Змея соскальзывает с дерева и вползает в шкатулку для драгоценностей

Сохранилось достаточно большое количество ювелирных изделий с демоническими мотивами — как правило, они были изготовлены высококвалифицированными мастерами. Были доступны и менее дорогие варианты, но для сохранения и тем более каталогизации таких вещиц, конечно, предпринималось гораздо меньше усилий, — так что дешевые украшения подобного типа изучать намного труднее[1907]. Большинство образцов, о которых пойдет речь, принадлежат к средней ценовой категории, где обычно вместо золота использовалось серебро и отсутствовали ценные виды самоцветов. В отличие от их по-настоящему дорогих аналогов, эти изделия не были уникальны, они изготавливались не вручную, а методом отливки или штамповки[1908]. Хотя объем такой продукции вряд ли был огромен, все равно речь идет о массовом производстве. Эти изделия наверняка были по карману женщинам с гораздо более скромным достатком, чем Луиза Казати и подобные ей дамы. Почти все произведения, которые будут здесь упомянуты, были выполнены в стиле ар-нуво, а он в ювелирном искусстве просуществовал совсем недолго — примерно с 1895 по 1910 год[1909].

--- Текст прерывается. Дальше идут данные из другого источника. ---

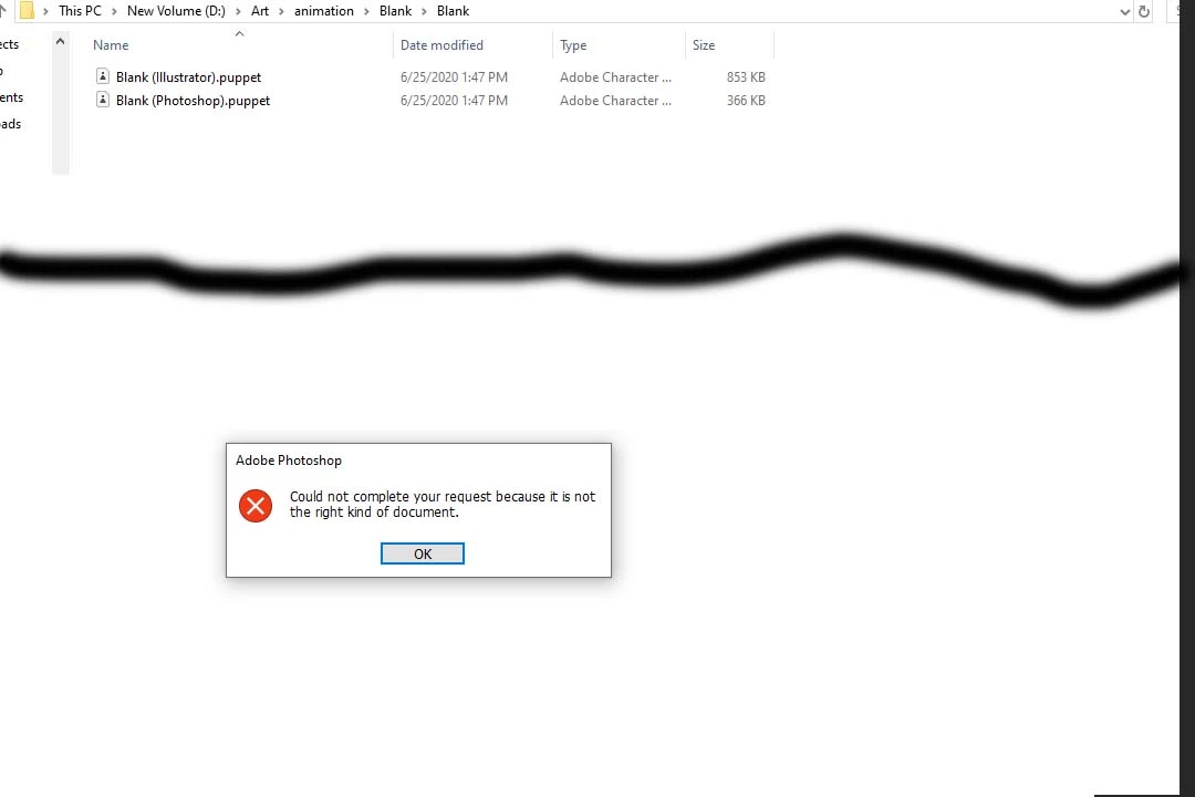Hello all. My issue is I can't open downloaded PSD puppet files in photoshop. When i do i get an error, which I'll post a picture of below. However, the example puppets work just fine in opening in photoshop. I've tried some file converters for the puppets but even the online converters say it'snot a supported file format. I'm curious how to open these files in photoshop, thanks! This issue is on windows btw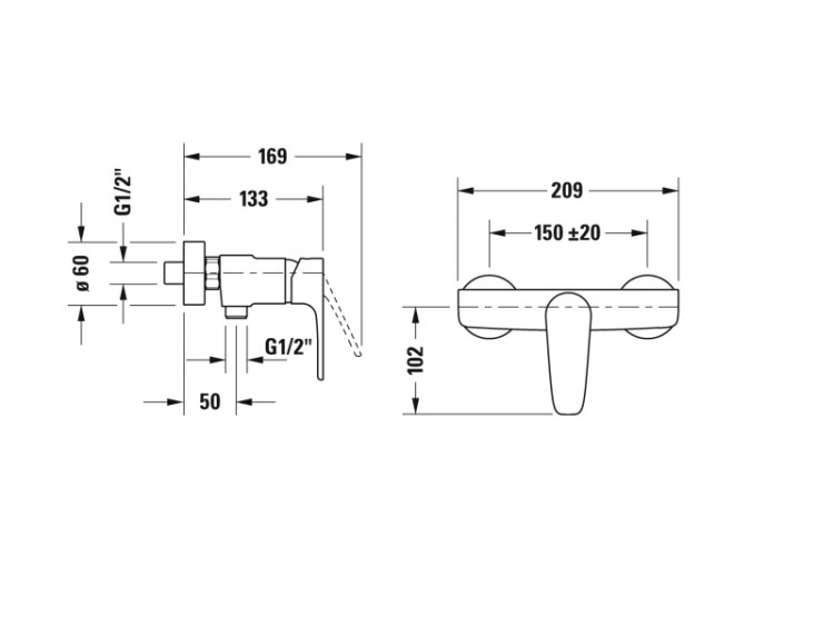 Смеситель для душа, Duravit, B.1, тип открывания воды-однорычажный, тип регулирования воды-керамический картридж, тип установки-настенный, отверстия для монтажа-2, цвет-хром Смеситель для душа, Duravit, B.1, цвет-хром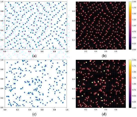 Initial population generated by the good point set and randomly. (a) Good points set, (b) good points set density, (c) randomly, and (d) randomly density.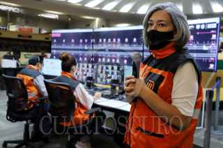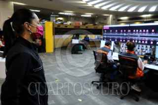 CIUDAD DE MÉXICO, 24ENERO2021.- Claudia Sheinbaum Pardo, jefa de Gobierno de la Ciudad; Andrés Lajous Loaeza y Florencia Serranía Soto, directora general del sistema de transporte Colectivo Metro (STM), durante recorrido en el Centro de Control del Sistema de Transporte Colectivo. FOTO: CUARTOSCURO.COM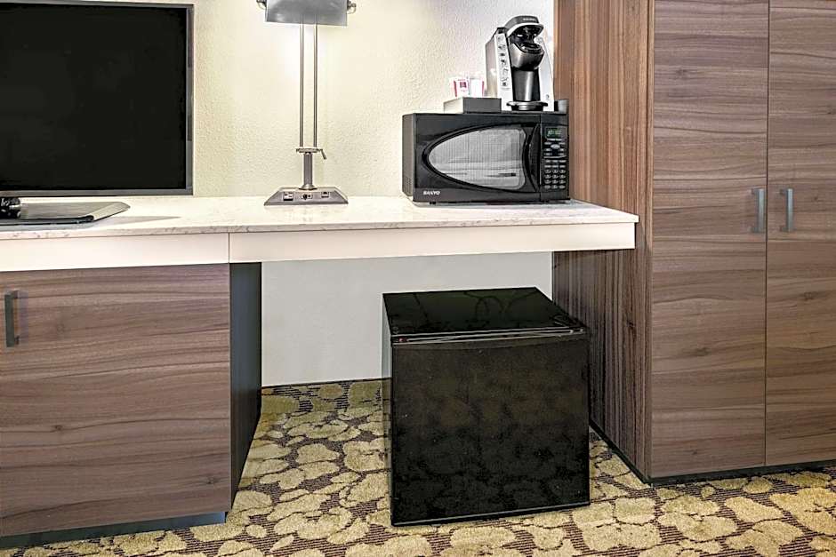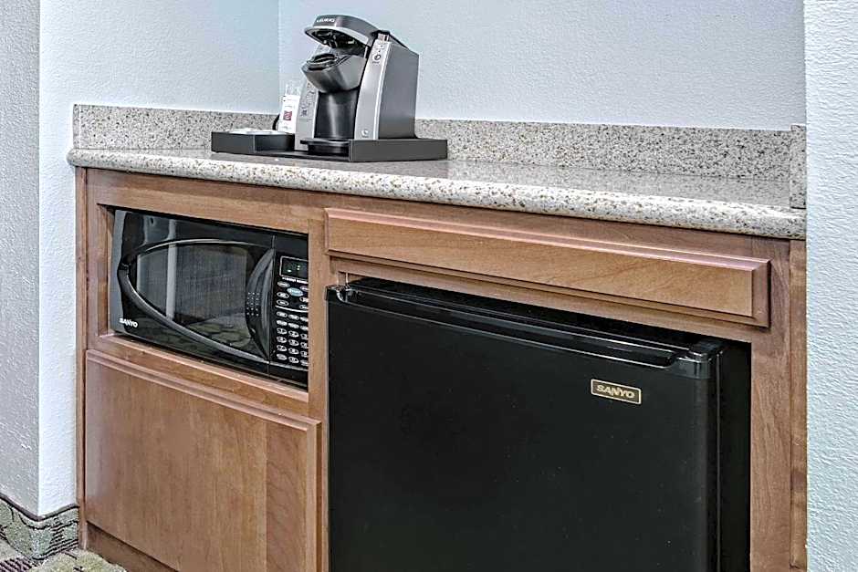 A refrigerator, microwave and coffee machine are included with this room. A flat-screen cable TV is also available.

Чаще всего ювелирные украшения конца века, заключавшие в себе «сатанинский» подтекст, изображали змей. В то время в змее видели не просто животное с декоративными извилистыми формами — особенно если она украшала женскую шею. В западной культуре той эпохи ассоциации с Сатаной и с сюжетом третьей главы Книги Бытия по-прежнему оставались широко распространенными, общеизвестными и злободневными[1910]. Это объяснялось и сохранявшейся властью христианской религии, и тем, что имели большое хождение всевозможные художественные переработки сюжета о Еве и ее сговоре с дьяволом, подчас скрывавшие бунтарскую подоплеку (и об этом же следует помнить, когда речь идет об использовании змей Сарой Бернар, Казати и Барой). Естественно, мотив женщины со змеей перекликался и с образами других роковых женщин, пользовавшимися популярностью в ту пору, — например, со змееволосой Медузой, с Клеопатрой (которая, по преданию, покончила с собой при помощи укусов ядовитой кобры) и с флоберовской Саламбо (из одноименного романа 1862 года) с ее любимой змеей. Тем не менее даже эти персонажи, какими их изображали в произведениях искусства XIX века, часто скрывали аллюзии на эдемскую историю. Как замечает Брэм Дейкстра, «буквально сотни живописных и скульптурных изображений Лилит, Саламбо, Ламии и разных других заклинательниц змей в конечном счете сливались в некий обобщенный образ Женщины — вечной Евы»[1911]. Впрочем, некоторые типы змеиных мотивов в ювелирных изделиях не воспринимались как дьявольские, о чем свидетельствует популярность украшений, в которых ползучее создание использовалось как символ вечности и обозначало неугасающую любовь. По этой самой причине форму змеи имело, например, обручальное кольцо королевы Виктории[1912]. А еще это животное ассоциировалось с плотскими и греховными разновидностями любви. На эту связь намекали сами формы, которые придавали змее скульпторы эпохи модерна: «Ее скользящие извивы служили зримой метафорой чувственных движений», — как написала Вивьен Бекер[1913]. Другие изображения того времени — например, разные варианты пользовавшейся бешеным успехом картины Франца фон Штука «Грех» — тоже подкрепляли это символическое значение и вдобавок связывали сексуальные коннотации змеиного образа напрямую с Сатаной.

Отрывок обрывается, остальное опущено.